Piemontese d’origine, due figli, arrivata sul Lario nel 2001 per seguire il marito che lavorava a Milano, Michetti fino a metà febbraio pensava che lo spostamento dell’ospedale dalla vecchia sede in via Napoleona a San Fermo, avvenuto a ottobre 2010, fosse stata la più grande sfida professionale mai vissuta. Sono bastati pochi giorni e l’emergenza Coronavirus ha cancellato quell’idea. “La difficoltà più grossa con la quale mi sono dovuta confrontare è stata la velocità - osserva - Velocemente abbiamo dovuto ragionare sul da farsi, velocemente bisognava rendere operativi i nuovi reparti, procedere con le sanificazioni, la definizione dei percorsi, il coinvolgimento e l’informazione ai vari professionisti. Non si poteva e soprattutto non si doveva, dimenticare nulla”. I giorni si sono succeduti tra riunioni e decisioni e le notti sono state a volte insonni. “Spesso - prosegue - mi sono svegliata ricordandomi di qualcosa che non bisognava tralasciare e così mi segnavo tutto subito. Mi sembrava di essere sempre un passo indietro rispetto alle esigenze e mi chiedevo e mi chiedo in continuazione se ho previsto e fatto tutto”. Adesso che i numeri sembrano aprire uno spiraglio nel buio vissuto in tutti questi giorni, Michetti guarda all’aspetto psicologico di tutta l’emergenza. “Tutto il personale impegnato in prima linea in questo periodo dovrà fare un grande lavoro personale su di sé, magari con l’aiuto di persone competenti, da solo o in gruppo. Le emozioni vissute andranno ricollocate. Il personale ha affrontato e affronta situazioni professionali ed umane che, nonostante un lavoro in ospedale e quindi, in un certo senso, una qualche abitudine, hanno comportato un impatto emotivo molto importante per il numero di pazienti arrivati, la velocità degli accessi, le modalità di cura, l’assenza della vicinanza dei familiari al paziente. Penso allo sforzo quotidiano, senza contare il timore di veder proiettata su di sé la malattia, esattamente come la vedevano e la toccavano con mano in reparto. Penso alla paura, alle famiglie, ai bambini, agli anziani (la mia mamma che ha 89 anni, in questo momento, ad esempio, vive con noi), alla preoccupazione nel tornare a casa, alla fatica nel mantenere le distanze ”.

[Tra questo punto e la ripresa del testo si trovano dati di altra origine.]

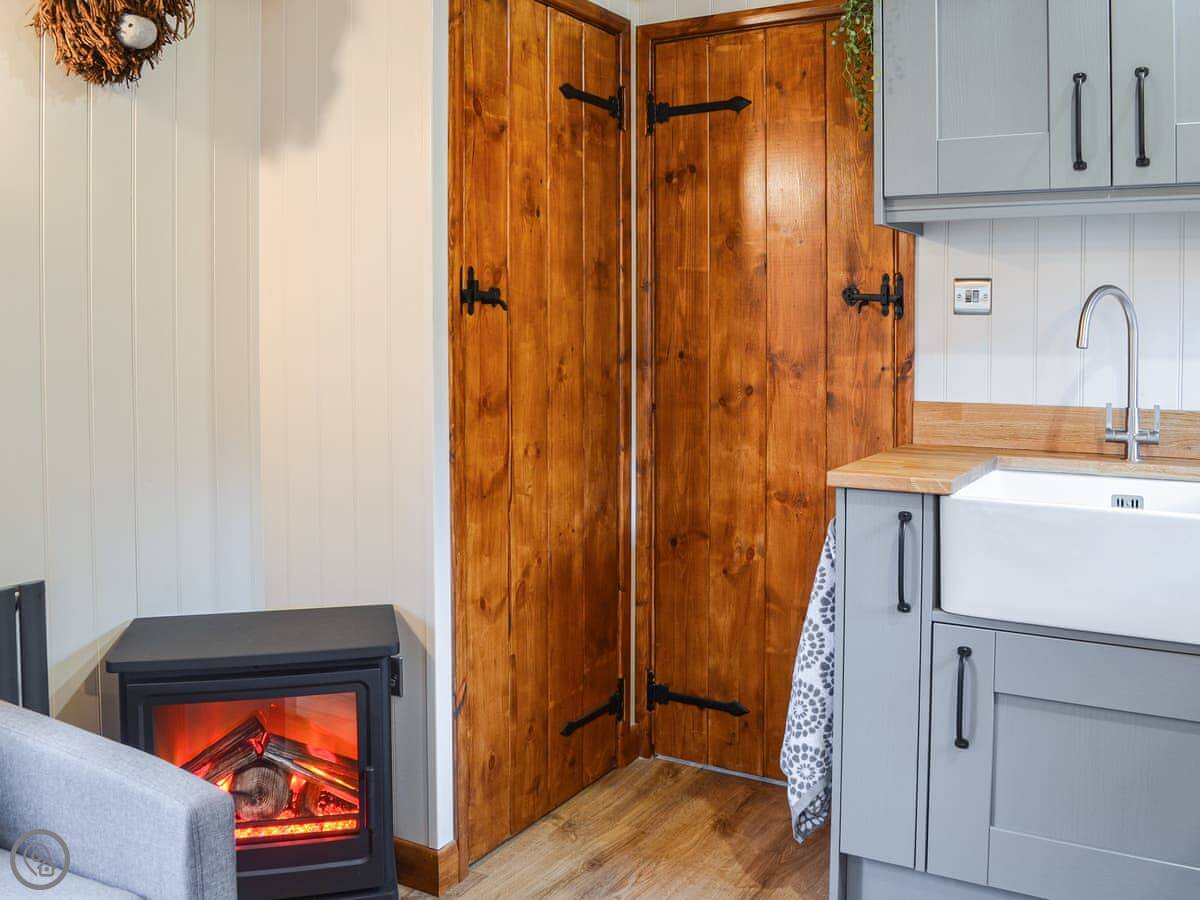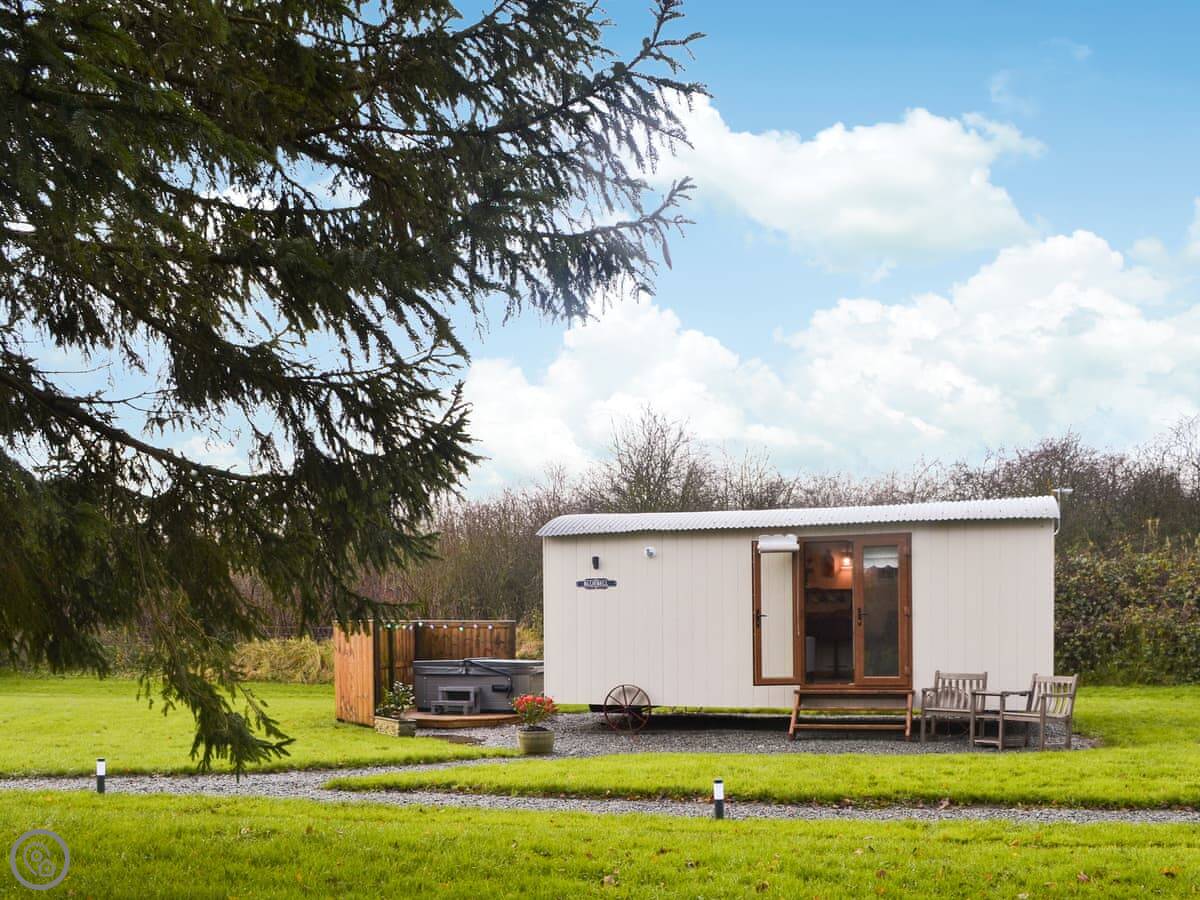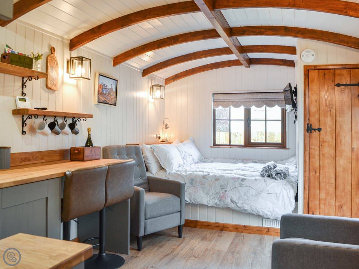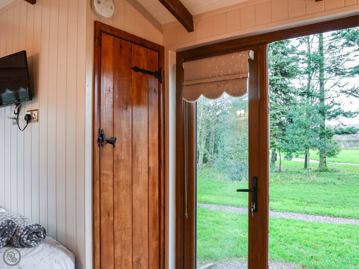 The Blue Bell is one of two shepherd's huts on our working farm here near Pocklington. It's a detached hut, so you're on your own out there. The view is just fields.
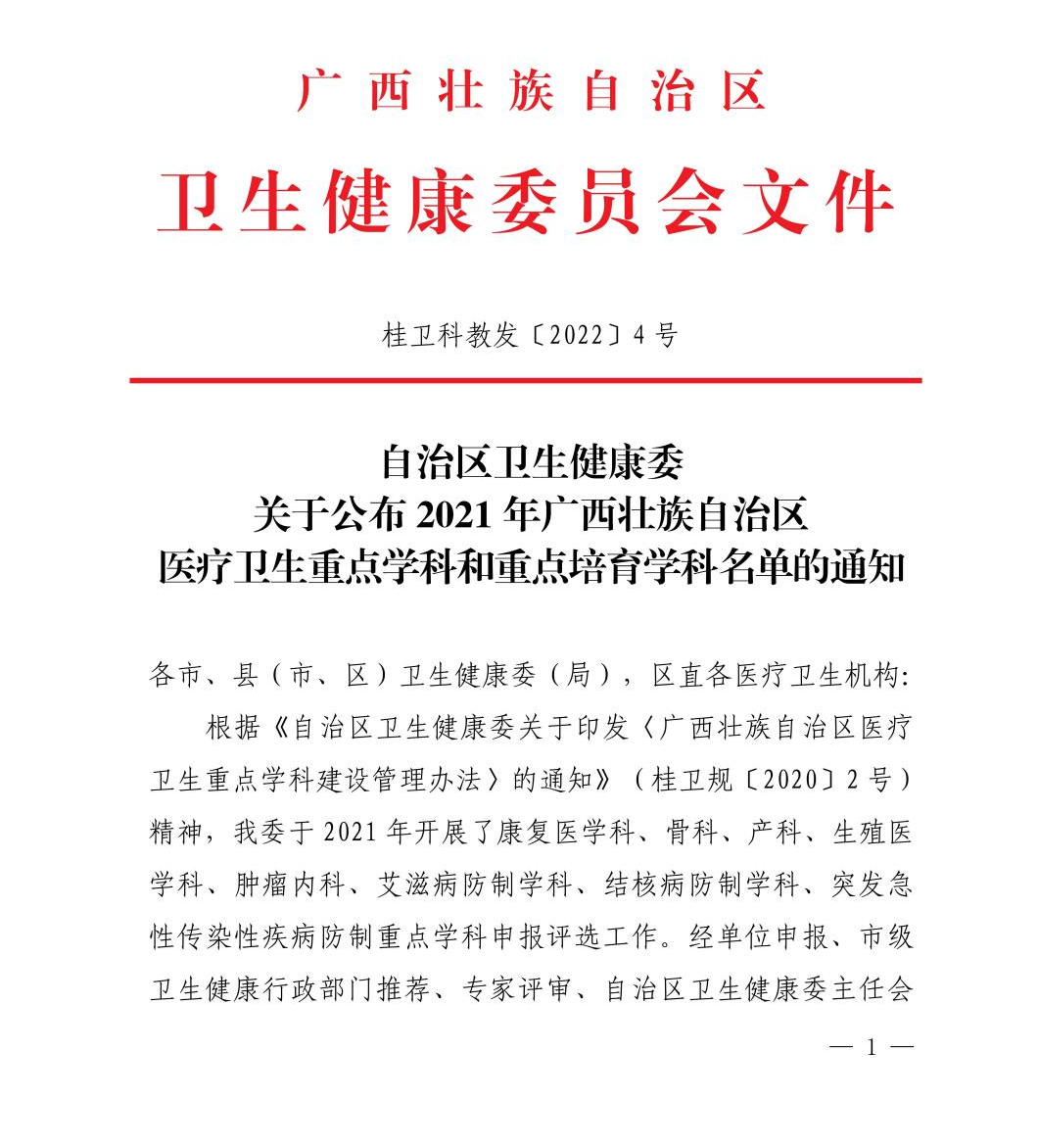 喜讯!一附院康复医学科、骨科分别获广西医疗卫生重点学科、重点培育学科
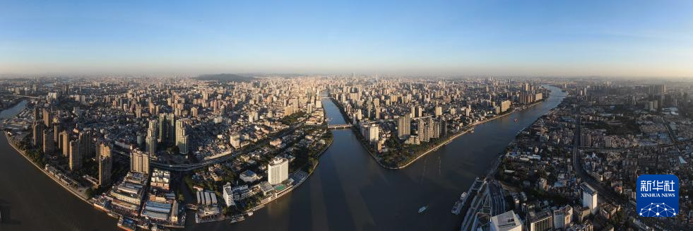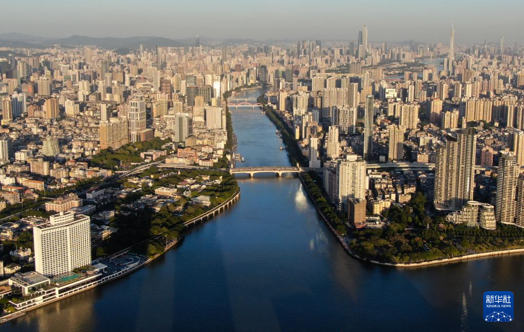 广州白鹅潭一景(2024年11月29日摄,无人机照片)。
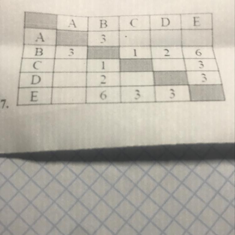 Между населенными пунктами A, B, C, D, E построены дороги, протяженность которых приведена в таблице. Определите длину кратчайшего пути между пунктами A и E. Передвигаться можно только по дорогам, протяженность которых указана в таблице.
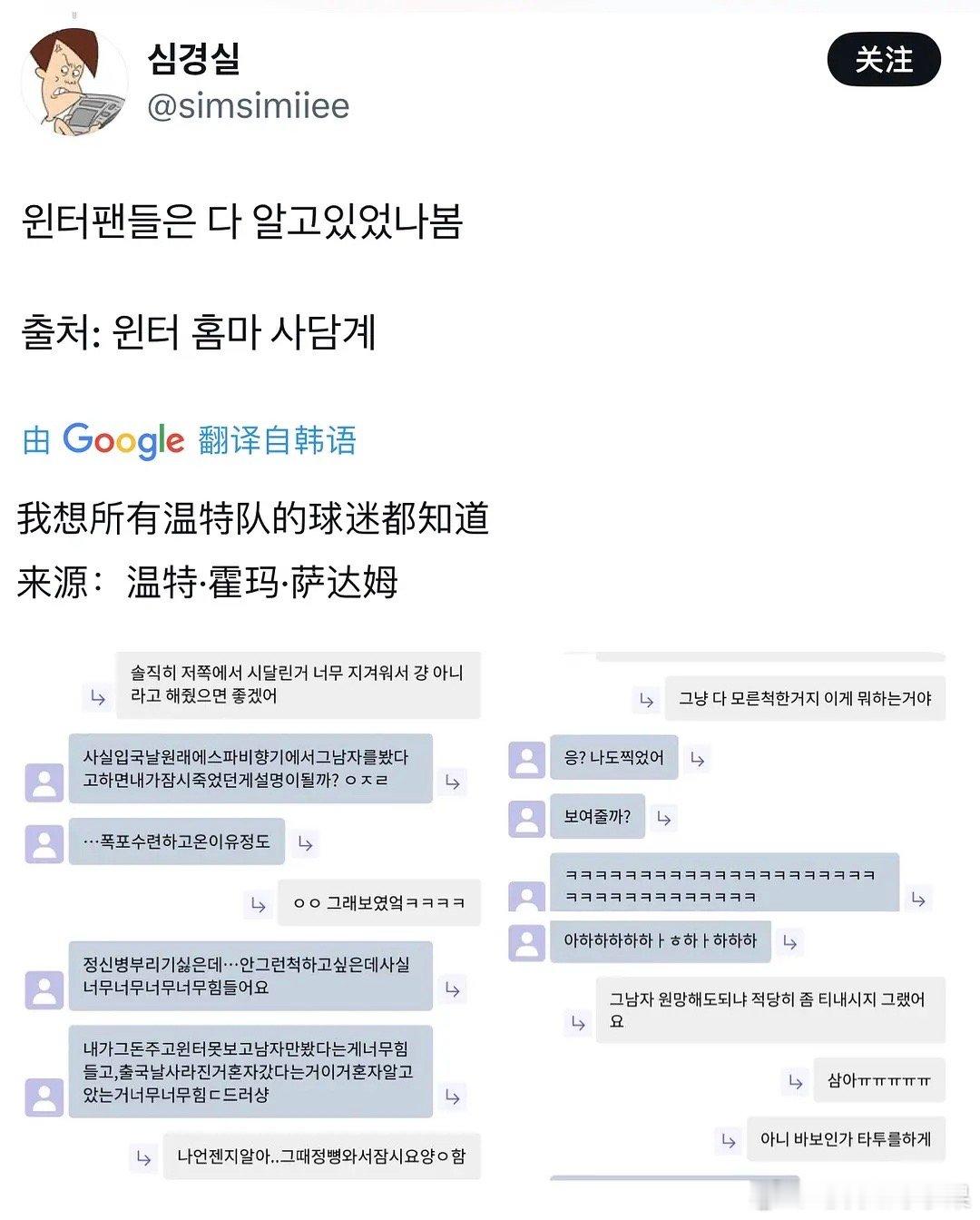 目前正在热转中的winter粉丝小号爆料“所有粉丝都知道田柾国和金冬天热恋”田柾

“Se c’è un aspetto positivo di tutta questa esperienza - conclude Michetti - è la riconferma che da soli non si può fare nulla e che è fondamentale il lavoro con gli altri, la collaborazione, l’ascolto. E’ come essere su una nave in tempesta. Chi è al comando deve tenere la barra al centro e mantenere sempre la rotta ma tutti gli altri devono remare nella stessa direzione, per uscirne insieme, da solo nessuno può fare nulla. Credo che nessuno di noi sia indispensabile ma che ogni singolo professionista possa e debba essere responsabile e quindi utile al sistema ed insieme fare la differenza”.